«Рабочих провожали на фронт с музыкой и трезвой головой». Как 110 лет назад Москва встретила известие о начале Первой мировой войны
Проклятия «немчуре» и Вильгельму
Узнав, что Германия объявила войну России, москвичи, как ни странно, не впали в уныние, не встревожились. Наоборот, они… радовались, поздравляли друг друга с началом Второй Отечественной — так называли Первую мировую. Люди были уверены, что русская армия неудержимым потоком зальет Восточную Пруссию и вскоре ворвется в столицу Германии. Патриоты не сомневались, что уже к осеннему листопаду казаки будут поить своих лошадей водой из берлинской реки Шпрее, а над рейхстагом взовьется стяг Российской империи.
Звучал набатом манифест Николая II: «Мы непоколебимо верим, что на защиту Русской земли дружно и самоотверженно встанут все верные наши подданные. В грозный час испытания да будут забыты внутренние распри. Да укрепится еще теснее единение царя с его народом, и да отразит Россия, поднявшаяся, как один человек, дерзкий натиск врага…»
На улицах Белокаменной вскипали многолюдные манифестации, собрания, на которых проклинали «немчуру» и Вильгельма, обещая им все земные кары. Оркестры играли гимны союзников — французский, английский.

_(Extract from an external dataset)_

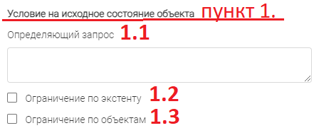 Рисунок 609 - Настройка ограничения Условие на исходное состояние объекта к опциям: Определяющий запрос, Ограничение по экстенту, Ограничение по объектам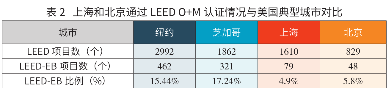 杜日生:目前O+M體系在中國大陸有279個參與項目。我們可以對比一組數據:2017年, 中國大陸有29個O+M項目;到了2018年,這一數字增加到61個,同比增長達到110%。同時,2018年的月均參與量為5個,到了2019年這一數字增加到8個。但是同時我們也可以看到,O+M項目數量在認證體系的分布情況僅為7%。拿上海和北京這兩座國內超級城市來跟美國典型城市做對標后(表2)可以看出,國內的O+M數量占比還是比較低的。在前文中我有提到,既有建筑在國內的綠色煥新發展前景廣闊,從市場趨勢和經濟效益兩方面來看都非常值得我們加以重視及推廣,所以這是很值得討論的話題。

Однако привычная жизнь не затихала. Люди встречались, влюблялись. Жаждали спокойствия, мечтали о счастье. Как и раньше, выходила «Брачная газета», в которой публиковались романтические объявления. Вот одно из них: «Джентльмен, молодой, красивый, с видным положением, желает с целью брака познакомиться с очень красивой, шикарной, молодой дамой с солидными средствами...»
Где вы, «молодой, красивый», сумели ли найти свою пассию? Или сложили голову где-нибудь под Варшавой, в Галиции или Прибалтике? Бог весть…
Немецкий выцветший сюртук
Радостные отклики вызвало решение императора переименовать столицу России. Поэт Сергей Копыткин написал по этому случаю стихотворение «Петроград»:
С каким восторгом это слово
Русь приняла из Царских рук!
И сброшен с детища Петрова
Немецкий выцветший сюртук...
Долой германскую отраву!
Долой германские слова!
Отныне Русскую Державу
Венчает Русская глава!
В московских церквях проходили молебны о здравии воинов русской армии и ниспослании им победы над врагом. Торжественное богослужение прошло в синагоге в Спасоглинищевском переулке. Затем толпа отправилась через Маросейку, Мясницкую и Тверскую улицы на Тверской бульвар, к дому градоначальника, генерала Александра Адрианова. Манифестанты пели «Боже, Царя храни!» и скандировали «Ура!» Государю императору и Главнокомандующему русской армией.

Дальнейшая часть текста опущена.